The webcast is accessible through Renasant’s
investor relations website at www.renasant.com or
https://event.choruscall.com/mediaframe/webcast.html?webcastid=lXO7IuJ3.
To access the conference via telephone, dial 1-877-513-1143 in the
United States and request the Renasant Corporation 2023 First
Quarter Earnings Webcast and Conference Call. International
participants should dial 1-412-902-4145 to access the conference
call.
The webcast will be archived on
www.renasant.com after the call and will remain accessible for
one year. A replay can be accessed via telephone by dialing
1-877-344-7529 in the United States and entering conference number
6764445 or by dialing 1-412-317-0088 internationally and entering
the same conference number. Telephone replay access is available
until May 10, 2023.
ABOUT RENASANT CORPORATION:
Renasant Corporation is the parent of Renasant
Bank, a 119-year-old financial services institution. Renasant has
assets of approximately $17.5 billion and operates 196 banking,
lending, mortgage, wealth management and insurance offices
throughout the Southeast as well as offering factoring and
asset-based lending on a nationwide basis.
CAUTIONARY NOTE REGARDING FORWARD-LOOKING
STATEMENTS:
This press release may contain, or incorporate
by reference, statements about Renasant Corporation that constitute
“forward-looking statements” within the meaning of Section 27A of
the Securities Act of 1933, as amended, and Section 21E of the
Securities Exchange Act of 1934, as amended. Statements preceded
by, followed by or that otherwise include the words “believes,”
“expects,” “projects,” “anticipates,” “intends,” “estimates,”
“plans,” “potential,” “focus,” “possible,” “may increase,” “may
fluctuate,” “will likely result,” and similar expressions, or
future or conditional verbs such as “will,” “should,” “would” and
“could,” are generally forward-looking in nature and not historical
facts. Forward-looking statements include information about the
Company’s future financial performance, business strategy,
projected plans and objectives and are based on the current beliefs
and expectations of management. The Company’s management believes
these forward-looking statements are reasonable, but they are all
inherently subject to significant business, economic and
competitive risks and uncertainties, many of which are beyond the
Company’s control. In addition, these forward-looking statements
are subject to assumptions with respect to future business
strategies and decisions that are subject to change. Actual results
may differ from those indicated or implied in the forward-looking
statements, and such differences may be material.
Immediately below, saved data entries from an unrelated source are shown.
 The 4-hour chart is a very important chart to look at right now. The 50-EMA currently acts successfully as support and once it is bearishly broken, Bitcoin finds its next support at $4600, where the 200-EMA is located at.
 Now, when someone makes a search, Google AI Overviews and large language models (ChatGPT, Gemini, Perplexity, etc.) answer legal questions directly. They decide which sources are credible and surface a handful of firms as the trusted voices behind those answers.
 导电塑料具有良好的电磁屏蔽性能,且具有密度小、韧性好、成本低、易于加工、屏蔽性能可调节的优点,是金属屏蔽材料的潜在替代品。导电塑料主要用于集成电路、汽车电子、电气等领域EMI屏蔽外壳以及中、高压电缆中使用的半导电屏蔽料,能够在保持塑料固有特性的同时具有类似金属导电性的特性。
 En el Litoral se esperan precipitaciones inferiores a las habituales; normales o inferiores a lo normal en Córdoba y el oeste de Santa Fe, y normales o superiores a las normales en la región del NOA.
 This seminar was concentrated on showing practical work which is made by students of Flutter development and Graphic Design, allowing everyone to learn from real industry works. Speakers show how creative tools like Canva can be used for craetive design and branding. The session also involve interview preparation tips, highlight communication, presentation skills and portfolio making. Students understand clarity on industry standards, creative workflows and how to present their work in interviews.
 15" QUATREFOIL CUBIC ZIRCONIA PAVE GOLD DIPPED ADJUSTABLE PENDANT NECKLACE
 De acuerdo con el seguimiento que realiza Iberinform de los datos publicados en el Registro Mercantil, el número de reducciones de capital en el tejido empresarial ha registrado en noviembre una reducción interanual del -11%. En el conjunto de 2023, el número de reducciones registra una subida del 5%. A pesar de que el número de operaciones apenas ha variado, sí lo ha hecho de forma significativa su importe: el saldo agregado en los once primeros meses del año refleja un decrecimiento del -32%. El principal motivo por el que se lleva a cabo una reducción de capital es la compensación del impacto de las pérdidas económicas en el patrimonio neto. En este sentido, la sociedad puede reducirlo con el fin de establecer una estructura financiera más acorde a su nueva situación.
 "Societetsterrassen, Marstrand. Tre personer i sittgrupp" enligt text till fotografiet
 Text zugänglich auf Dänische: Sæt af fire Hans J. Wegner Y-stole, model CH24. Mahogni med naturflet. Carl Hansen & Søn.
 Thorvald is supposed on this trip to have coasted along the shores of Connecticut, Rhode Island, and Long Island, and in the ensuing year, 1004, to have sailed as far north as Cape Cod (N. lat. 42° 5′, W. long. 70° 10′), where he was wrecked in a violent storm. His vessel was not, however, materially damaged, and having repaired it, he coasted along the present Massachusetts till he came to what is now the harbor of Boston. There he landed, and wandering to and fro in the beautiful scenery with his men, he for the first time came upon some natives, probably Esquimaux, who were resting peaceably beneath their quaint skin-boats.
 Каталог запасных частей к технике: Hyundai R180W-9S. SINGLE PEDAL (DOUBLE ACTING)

Prospective
investors are cautioned that any forward-looking statements are not
guarantees of future performance and involve risks and
uncertainties and, accordingly, investors should not place undue
reliance on these forward-looking statements, which speak only as
of the date they are made.
Important factors currently known to management
that could cause our actual results to differ materially from those
in forward-looking statements include the following: (i) the
Company’s ability to efficiently integrate acquisitions into its
operations, retain the customers of these businesses, grow the
acquired operations and realize the cost savings expected from an
acquisition to the extent and in the timeframe anticipated by
management; (ii) the effect of economic conditions and interest
rates on a national, regional or international basis; (iii) timing
and success of the implementation of changes in operations to
achieve enhanced earnings or effect cost savings; (iv) competitive
pressures in the consumer finance, commercial finance, insurance,
financial services, asset management, retail banking, factoring and
mortgage lending and auto lending industries; (v) the financial
resources of, and products available from, competitors; (vi)
changes in laws and regulations as well as changes in accounting
standards; (vii) changes in policy by regulatory agencies; (viii)
changes in the securities and foreign exchange markets; (ix) the
Company’s potential growth, including its entrance or expansion
into new markets, and the need for sufficient capital to support
that growth; (x) changes in the quality or composition of the
Company’s loan or investment portfolios, including adverse
developments in borrower industries or in the repayment ability of
individual borrowers or issuers of investment securities, or the
impact of interest rates on the value of our investment securities
portfolio; (xi) an insufficient allowance for credit losses as a
result of inaccurate assumptions; (xii) changes in the sources and
costs of the capital we use to make loans and otherwise fund our
operations, due to deposit outflows, changes in the mix of deposits
and the cost and availability of borrowings; (xiii) general
economic, market or business conditions, including the impact of
inflation; (xiv) changes in demand for loan products and financial
services; (xv) concentration of credit exposure; (xvi) changes or
the lack of changes in interest rates, yield curves and interest
rate spread relationships; (xvii) increased cybersecurity risk,
including potential network breaches, business disruptions or
financial losses; (xviii) civil unrest, natural disasters,
epidemics (including the re-emergence of the COVID-19 pandemic) and
other catastrophic events in the Company’s geographic area; (xix)
the impact, extent and timing of technological changes; and (xx)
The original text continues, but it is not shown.